▶ [WHAT IS BEING ASKED]:
Skip the images and repeat every entry word for word.

▶ [Source records]:
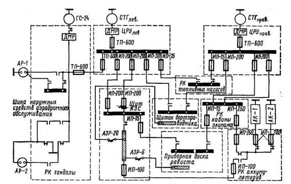 бортовые аккумуляторные батареи. Во время запуска двигателя аэродромные источники или генератор ГС-24А подключаются к шине запуска, от которой питается только якорная обмотка стартера СТГ-18ТМО. Электроэнергия подводится от источников к потребителям через распределительные устройства. В этих устройствах имеются основные и аварийные шины, к которым подключены потребители электроэнергии соответственно основной и аварийной сети. На самолете установлены следующие распределительные устройства электроэнергии постоянного тока: левое центральное распределительное устройство (ЦРУ) за откидной панелью на потолке между шпангоутами № 15 и 16; правое центральное распределительное устройство (ЦРУ) за откидной панелью на потолке между шпангоутами № 14 и 15; щит автоматов защиты сети (АЗС, рис. 2) на правом борту кабины экипажа между шпангоутами № 5 и 6; распределительная коробка «РК кабины экипажа» на правом борту между шпангоутами № 5 и 6; приборная доска радиста на перегородке шпангоута № 7 в кабине экипажа справа; распределительная коробка «РК топливных насосов» за откидной панелью на потолке между шпангоутами № 21 и 22; электрощиток бортпроводника в переднем грузовом отсеке на левом борту (между шпангоутами № 9—11); распределительная коробка «РК аккумуляторов» в переднем правом электроотсеке самолета; распределительная коробка «РК гондолы» на левом борту внутри правой гондолы. Схема расположения распределительных устройств на самолете показана на рис. 3. На рис. 4 приведена схема распределения электроэнергии постоянного тока. Основные шины имеются во всех распределительных устройствах, аварийные — в щите АЗС, за приборной доской радиста и в электрощитке бортпроводника. Основные шины всех распределительных устройств соединены между собой проводами через предохранители. Особо ответственные линии соединения дублированы, с учетом чего все основные шины вместе с проводами образуют кольцо электрической проводки.
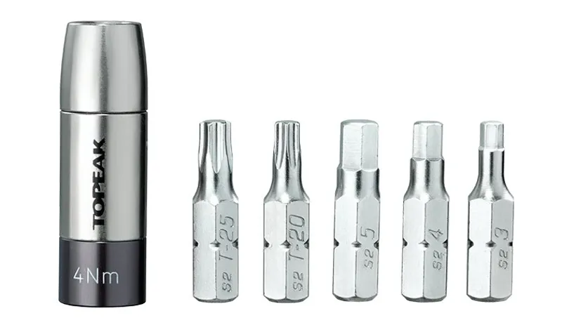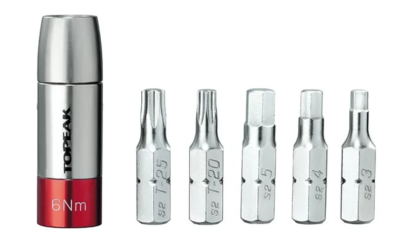 This preset torque socket (4Nm/5Nm/6Nm) kit will work with any mini tool containing a 5mm Allen wrench (or single 5mm Allen wrench) to apply correct torque values on component bolts for safety and to prevent damage to expensive carbon parts. A carry case neatly stores one preset 4 Nm (5Nm or 6Nm) and the 5 most popular tool bits (3/4/5mm hex & T20/T25 Torx).
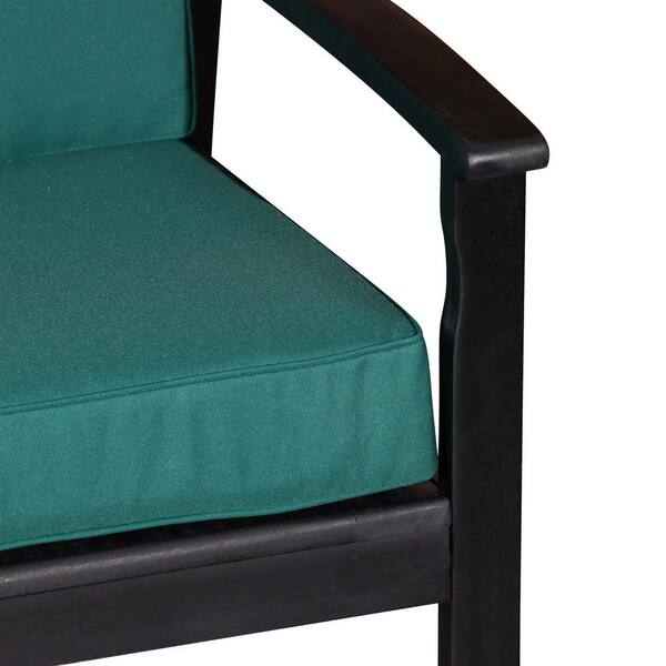 Espresso Finish Eucalyptus Wood Outdoor Loveseat, with Dark Green Cushions, for Garden Patio
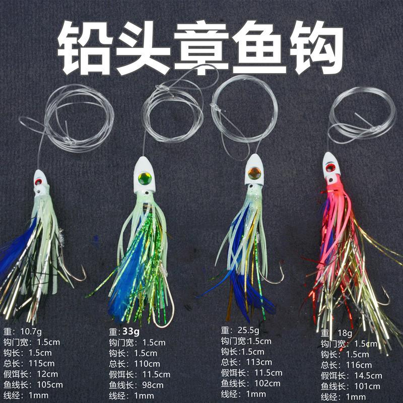 カラーフェザー夜光鉛ヘッド章魚餌蛍光餌クランクフックナイロン糸ソフト章魚餌偽餌海釣り船釣り
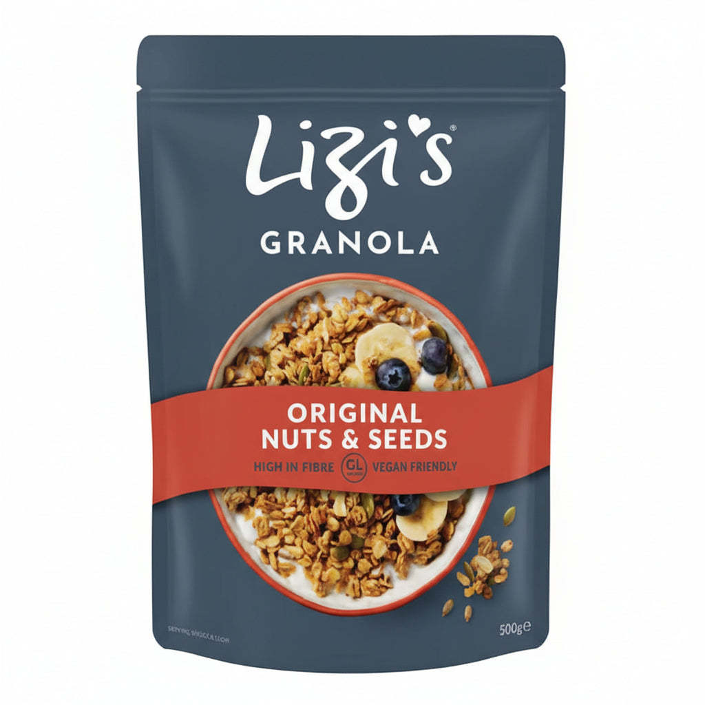 Start your day with the nourishing crunch of Lizis Granola Original Whole Grain Cereal. Packed in a 500g resealable pouch, this wholesome blend is made with toasted oats, nuts, and seeds—carefully crafted to deliver sustained energy and balanced nutrition. With no artificial additives or refined sugars, its high in fiber and slow-releasing carbohydrates, making it ideal for a healthy breakfast or mid-day snack. Enjoy it with milk, yogurt, or straight from the pack. Suitable for vegetarians and made with 100% natural ingredients.
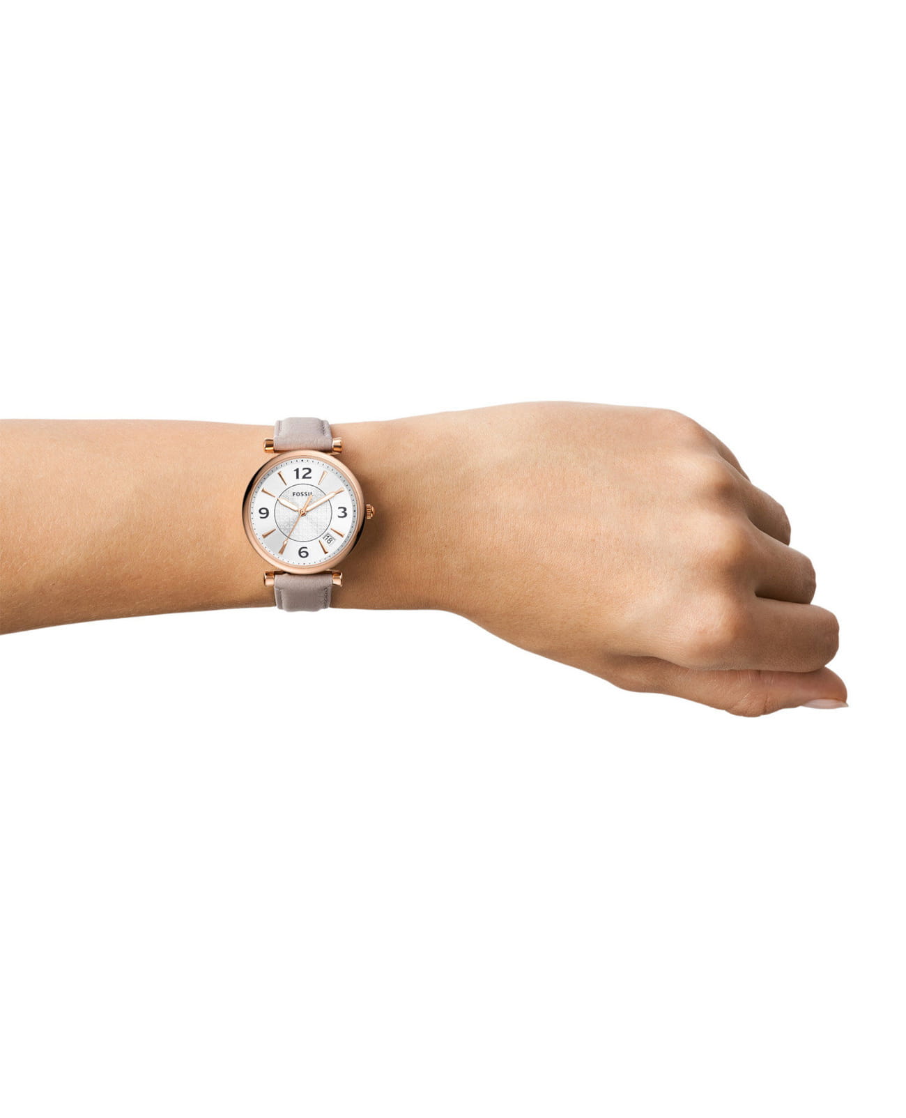 Женские американские часы с минеральным стекломМинеральное стеклоМинеральное стекло представляет собой искусственно выращенный минерал кварца. Такое стекло отличается особой устойчивостью к повреждениям и царапинам. Уступает по некоторым качествам сапфировому стеклу. Fossil Carlie ES5161, кварцевый механизм с высокой точностью. Корпус часов изготовлен из нержавеющей стали с IP-покрытиемIP-покрытиеМетод ионного напыления. Демонстрирует повышенную устойчивость к истиранию, окислению и химическим веществам. Под воздействием высокого давления и температуры около 1500°C молекулы металла надёжно соединяются с частицами корпуса часов.. Метки в виде арабских цифр и штрихов. Окошко даты на 4,5 часа. Стрелки с люминесцентным покрытиемЛюминесцентное покрытиеПозволяет считывать показания времени в темноте. Производители наносят на стрелки, часовые индексы, безель или поверхность циферблата светонакопительный состав, дающий холодное свечение.. Рифленая заводная головка с защитой. Класс водозащиты: 50 метров, позволит защитить корпус от случайных брызг или капель дождя. Кожаный ремешок на стандартной застежке.
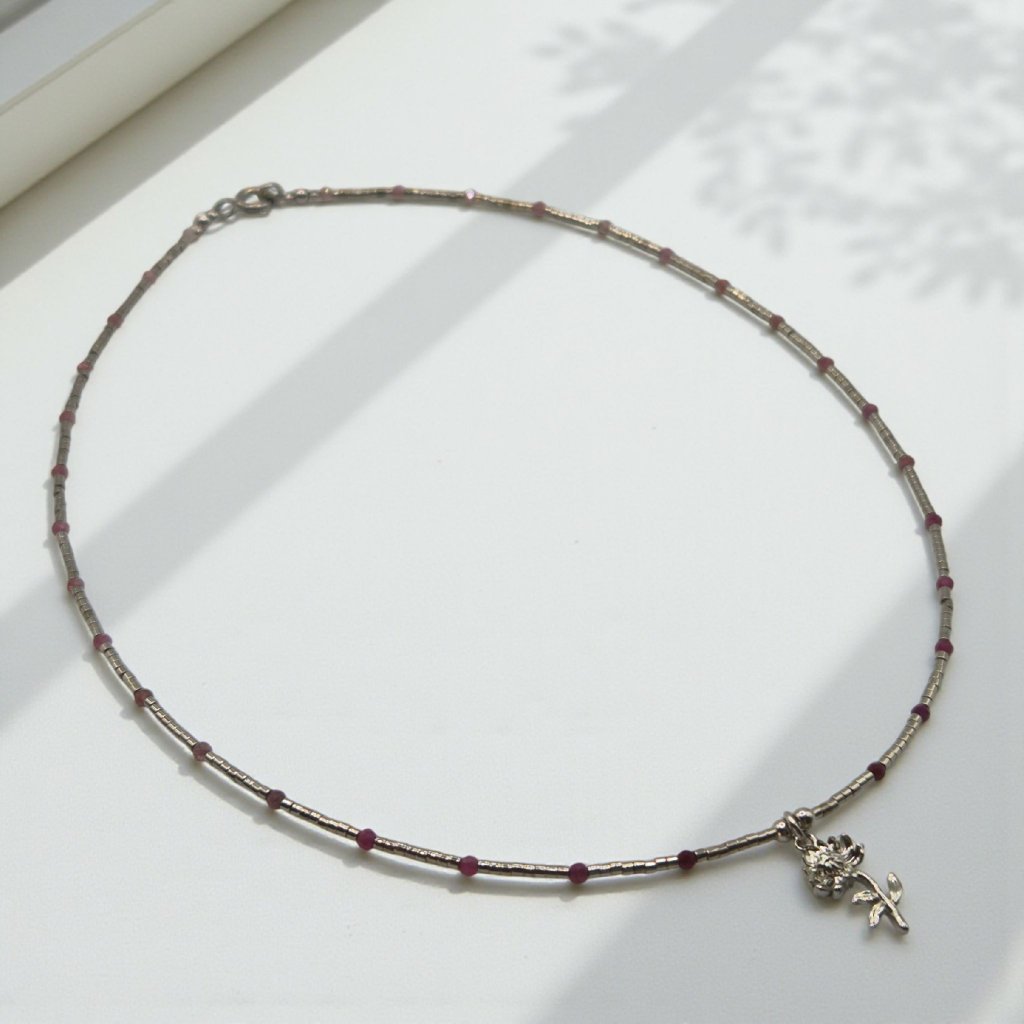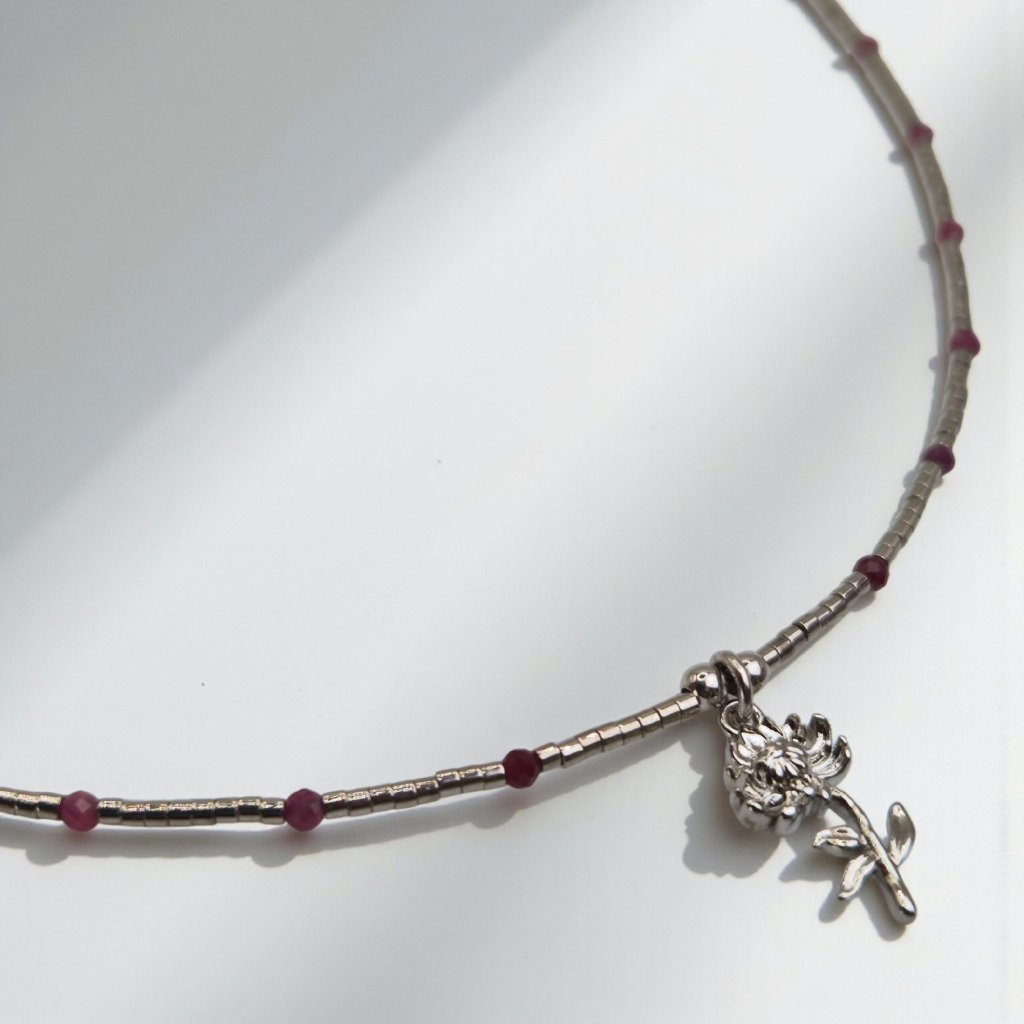 Náhrdelník, který v sobě nese jemnost i hloubku – stejně jako květ chryzantémy, symbolizující sílu, vnitřní stabilitu a ženskou odolnost. Dominantním prvkem je přívěsek ve tvaru květu chryzantémy s rhodiovanou povrchovou úpravou, která mu dodává decentní stříbrný lesk a zajišťuje dlouhodobou odolnost. V kombinaci s růžovým turmalínem vzniká harmonický a přirozeně elegantní šperk s jemným přechodem barevných tónů – od nejsvětlejší růžové po sytě malinovou.
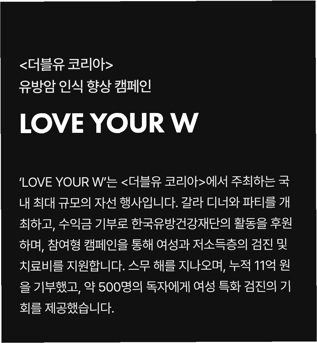 A.W코리아는 2006년부터 2025년까지 유방암 인식 향상 캠페인을 통해 총 11억 원을 기부했습니다.
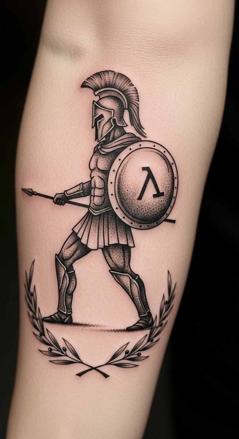 The tattoo represents the deep-rooted values of loyalty to both family and state, encapsulating the essence of the Spartan warrior ethos.
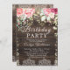 Invitación Rústica Luz de cadena de madera Floral Cumpleaños
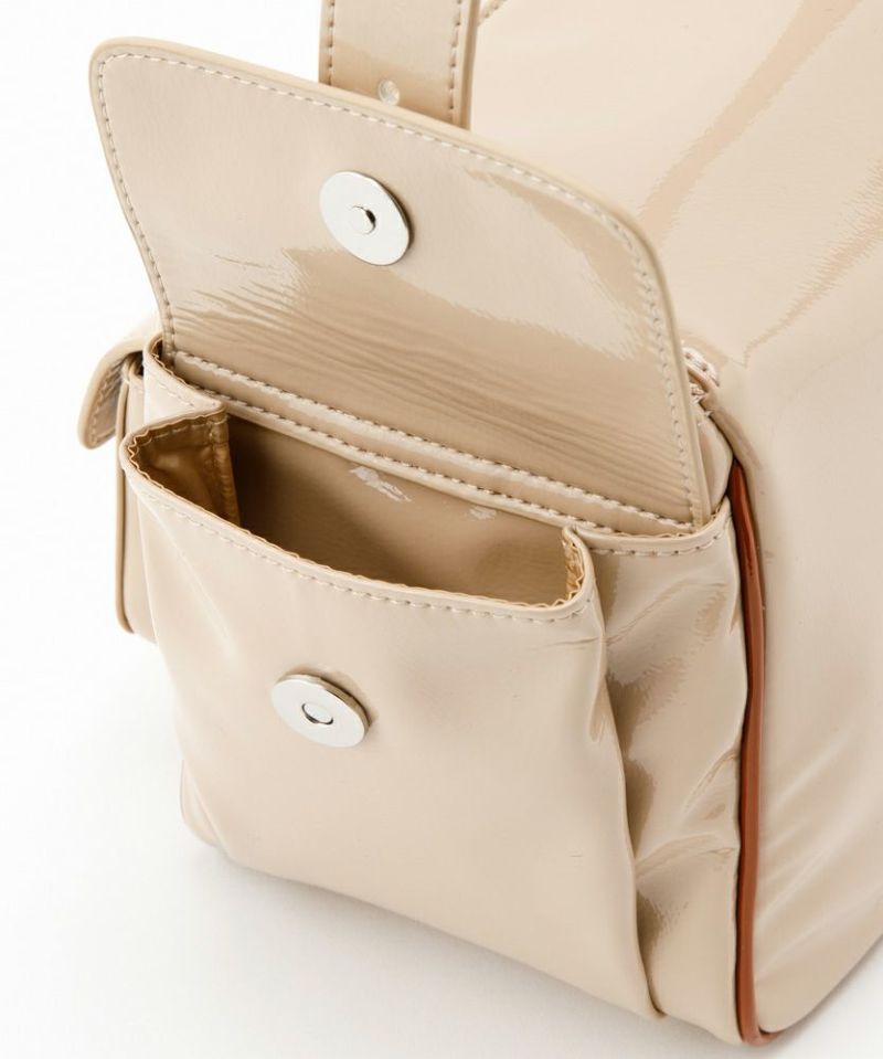 シワエナメルのツヤ感、ぱっと目を惹くコバカラーと引手パーツの差し色がポイント。

▶ [ANSWER TO THIS PROBLEM]:
 бортовые аккумуляторные батареи. Во время запуска двигателя аэродромные источники или генератор ГС-24А подключаются к шине запуска, от которой питается только якорная обмотка стартера СТГ-18ТМО. Электроэнергия подводится от источников к потребителям через распределительные устройства. В этих устройствах имеются основные и аварийные шины, к которым подключены потребители электроэнергии соответственно основной и аварийной сети. На самолете установлены следующие распределительные устройства электроэнергии постоянного тока: левое центральное распределительное устройство (ЦРУ) за откидной панелью на потолке между шпангоутами № 15 и 16; правое центральное распределительное устройство (ЦРУ) за откидной панелью на потолке между шпангоутами № 14 и 15; щит автоматов защиты сети (АЗС, рис. 2) на правом борту кабины экипажа между шпангоутами № 5 и 6; распределительная коробка «РК кабины экипажа» на правом борту между шпангоутами № 5 и 6; приборная доска радиста на перегородке шпангоута № 7 в кабине экипажа справа; распределительная коробка «РК топливных насосов» за откидной панелью на потолке между шпангоутами № 21 и 22; электрощиток бортпроводника в переднем грузовом отсеке на левом борту (между шпангоутами № 9—11); распределительная коробка «РК аккумуляторов» в переднем правом электроотсеке самолета; распределительная коробка «РК гондолы» на левом борту внутри правой гондолы. Схема расположения распределительных устройств на самолете показана на рис. 3. На рис. 4 приведена схема распределения электроэнергии постоянного тока. Основные шины имеются во всех распределительных устройствах, аварийные — в щите АЗС, за приборной доской радиста и в электрощитке бортпроводника. Основные шины всех распределительных устройств соединены между собой проводами через предохранители. Особо ответственные линии соединения дублированы, с учетом чего все основные шины вместе с проводами образуют кольцо электрической проводки.
 This preset torque socket (4Nm/5Nm/6Nm) kit will work with any mini tool containing a 5mm Allen wrench (or single 5mm Allen wrench) to apply correct torque values on component bolts for safety and to prevent damage to expensive carbon parts. A carry case neatly stores one preset 4 Nm (5Nm or 6Nm) and the 5 most popular tool bits (3/4/5mm hex & T20/T25 Torx).
 Espresso Finish Eucalyptus Wood Outdoor Loveseat, with Dark Green Cushions, for Garden Patio
 カラーフェザー夜光鉛ヘッド章魚餌蛍光餌クランクフックナイロン糸ソフト章魚餌偽餌海釣り船釣り
 Start your day with the nourishing crunch of Lizis Granola Original Whole Grain Cereal. Packed in a 500g resealable pouch, this wholesome blend is made with toasted oats, nuts, and seeds—carefully crafted to deliver sustained energy and balanced nutrition. With no artificial additives or refined sugars, its high in fiber and slow-releasing carbohydrates, making it ideal for a healthy breakfast or mid-day snack. Enjoy it with milk, yogurt, or straight from the pack. Suitable for vegetarians and made with 100% natural ingredients.
 Женские американские часы с минеральным стекломМинеральное стеклоМинеральное стекло представляет собой искусственно выращенный минерал кварца. Такое стекло отличается особой устойчивостью к повреждениям и царапинам. Уступает по некоторым качествам сапфировому стеклу. Fossil Carlie ES5161, кварцевый механизм с высокой точностью. Корпус часов изготовлен из нержавеющей стали с IP-покрытиемIP-покрытиеМетод ионного напыления. Демонстрирует повышенную устойчивость к истиранию, окислению и химическим веществам. Под воздействием высокого давления и температуры около 1500°C молекулы металла надёжно соединяются с частицами корпуса часов.. Метки в виде арабских цифр и штрихов. Окошко даты на 4,5 часа. Стрелки с люминесцентным покрытиемЛюминесцентное покрытиеПозволяет считывать показания времени в темноте. Производители наносят на стрелки, часовые индексы, безель или поверхность циферблата светонакопительный состав, дающий холодное свечение.. Рифленая заводная головка с защитой. Класс водозащиты: 50 метров, позволит защитить корпус от случайных брызг или капель дождя. Кожаный ремешок на стандартной застежке.
 Náhrdelník, který v sobě nese jemnost i hloubku – stejně jako květ chryzantémy, symbolizující sílu, vnitřní stabilitu a ženskou odolnost. Dominantním prvkem je přívěsek ve tvaru květu chryzantémy s rhodiovanou povrchovou úpravou, která mu dodává decentní stříbrný lesk a zajišťuje dlouhodobou odolnost. V kombinaci s růžovým turmalínem vzniká harmonický a přirozeně elegantní šperk s jemným přechodem barevných tónů – od nejsvětlejší růžové po sytě malinovou.
 A.W코리아는 2006년부터 2025년까지 유방암 인식 향상 캠페인을 통해 총 11억 원을 기부했습니다.
 The tattoo represents the deep-rooted values of loyalty to both family and state, encapsulating the essence of the Spartan warrior ethos.
 Invitación Rústica Luz de cadena de madera Floral Cumpleaños
 シワエナメルのツヤ感、ぱっと目を惹くコバカラーと引手パーツの差し色がポイント。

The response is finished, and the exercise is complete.